In the very first story, ‘Stone Slabs for Shaista Mahal’, we find Iftikar’s too much effusive declarations of love for his wife Shaista vanish into thin air immediately after her death and he soon marries a young girl leaving all his children to be looked after by his eldest daughter. The ‘Fire Rain’ has mutawalli[3] Usman Saheb heading the community and making hundreds of decisions for others, but when her sister comes begging he refuses to give her the legitimate share of his ancestral house. Whereas the ‘Black Cobras’ has the mutawalli saheb refuse to help a woman whose husband has deserted her for giving birth to three daughters and provide any support for her youngest sick daughter who dies without any treatment. The story ends with a focus on female revolt when his own wife decides to go and have an operation to stop childbirth. In an interesting story ‘A Decision of the Heart’ the author narrates the plight of a man called Yusuf who is unable to balance the love between his wife and his mother and finally decides to arrange a nikah for his mother Mehaboob Bi.

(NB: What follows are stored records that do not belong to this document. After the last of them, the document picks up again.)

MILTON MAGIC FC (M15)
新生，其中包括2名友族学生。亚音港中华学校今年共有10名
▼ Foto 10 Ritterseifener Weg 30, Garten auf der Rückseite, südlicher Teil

One story that delves deep into Muslim customs that we generally are not aware of, is entitled ‘Red Lungi’. It tells us about a mass circumcision programme at the mosque for the poor where a young boy Arif undergoes the procedure and is cured in due course. His plight is then contrasted with Samad, the son of a rich man who remains weak and unfit despite the elaborate festivities for his circumcision and the gifts.

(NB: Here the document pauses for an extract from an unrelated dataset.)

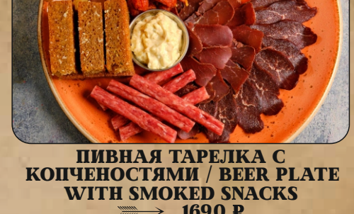
ПИВНАЯ ТАРЕЛКА С КОПЧЕНОСТЯМИ / BEER PLATE WITH SMOKED SNACKS → 1690 P

The titular story ‘Heart Lamp’ centres around Mehrun who is left to fend for herself as her husband falls for another woman. When she goes to her parents’ house for support, her brothers send her back. Leaving the responsibility of her children upon her eldest daughter Salma, she attempts to burn herself to death. The scene where her daughter begs her to stop and so finally, she aborts her suicide attempt, is extremely moving. The depiction of rural Karnataka comes out very clearly in ‘Soft Whispers’. The story narrates in detail the childhood antics of an eight-year-old girl visting her grandparent’s house in Mabenahalli village. Her young playmate, Abid, who would join her to play tricks, turns into the supervisor of a dargah[4]. When he comes to invite her to join the festival, he keeps his head lowered and does not even meet her eye.

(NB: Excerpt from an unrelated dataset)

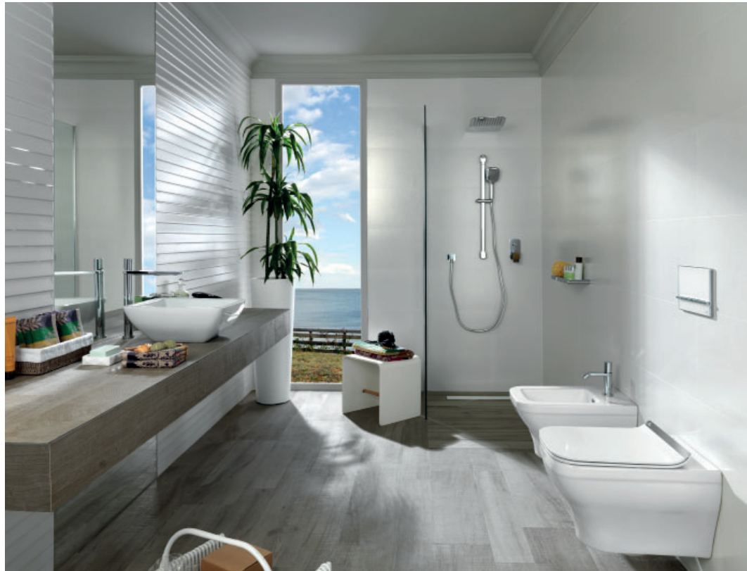
colección FORMA collection FORMA

Diverse global developers and world class hotels have already worked with Porcelanosa Bathrooms in relation to the compliance of these certificates, both in efficiency and savings and the added-value for its accommodations.

Despite mentioning serious social issues pertaining to the average middle and lower-middle class Muslim families, Mushtaq’s stories are laced with a sense of wry humour and pathos. For instance, in ‘High-Heeled Shoes’, Niaz Khan envies his sister-in-law who comes from Saudi Arabia wearing gorgeous high-heeleded shoes and, in the end, manages to buy a pair for his pregnant wife Arifa which does not fit her at all. The difficulty in walking with those shoes on, and the interaction she has with her unborn child in her womb takes this story to a different level altogether. ‘A Taste of Heaven’ has Bi Dadi, who turns into stone after her ja-namaz [5]is soiled, gaining solace by drinking Pepsi and thinking it to be aab-e-kausar, the nectar from heaven, and starts living in a delusory world of her own in the company of her long-lost husband. In ‘The Arabic Teacher and Gobi Manchuri’, the young Maulvi Hazrat’s penchant for eating “gobi manchuri[6]” is the comic fulcrum on which the story turns. Again, Shazia’s desperate attempts in ‘The Shroud’ to locally procure a kafan[7] and sprinkle it with the holy zamzam water from Mecca after having callously forgotten to bring one for poor Yaseen Bua from her Hajj pilgrimage, makes her grief and being conscience-stricken rather ludicrous.  

In the 2025 International Booker Acceptance Speech Mushtaq said: “This book is my love letter to the idea that no story is ‘local’ – that a tale born under a banyan tree in my village can cast shadows as this stage tonight…. [It] was born from the belief that no story is ever ‘small’ – that in the tapestry of human experience, every thread holds the weight of the whole.”

Her observation power is indeed very strong. Muslim women have been victims of deprivation and discrimination in various matters owing to a dearth in education and awareness. To bring a change in the family, a change in mentality is very crucial. The last story of this collection, ‘Be A Woman Once, Oh Lord!’ is a typical tale of male chauvinism, where deprived a dowry, a man throws out his sick wife and children to get married again.

A woman must construct her own identity besides being someone’s daughter, somebody’s wife or someone’s mother. Only education and self-dependence can establish a woman as a human being beyond her religious and family identities. But as her translator rightly points out, it would be a disservice to reduce Mushtaq’s work to her religious identity, for stories transcend the confines of a faith and its cultural traditions. So, she should not be seen as writing only about a certain kind of woman belonging to a certain community, that women everywhere face similar, if not the exact same problems, and those are the issues that she writes about.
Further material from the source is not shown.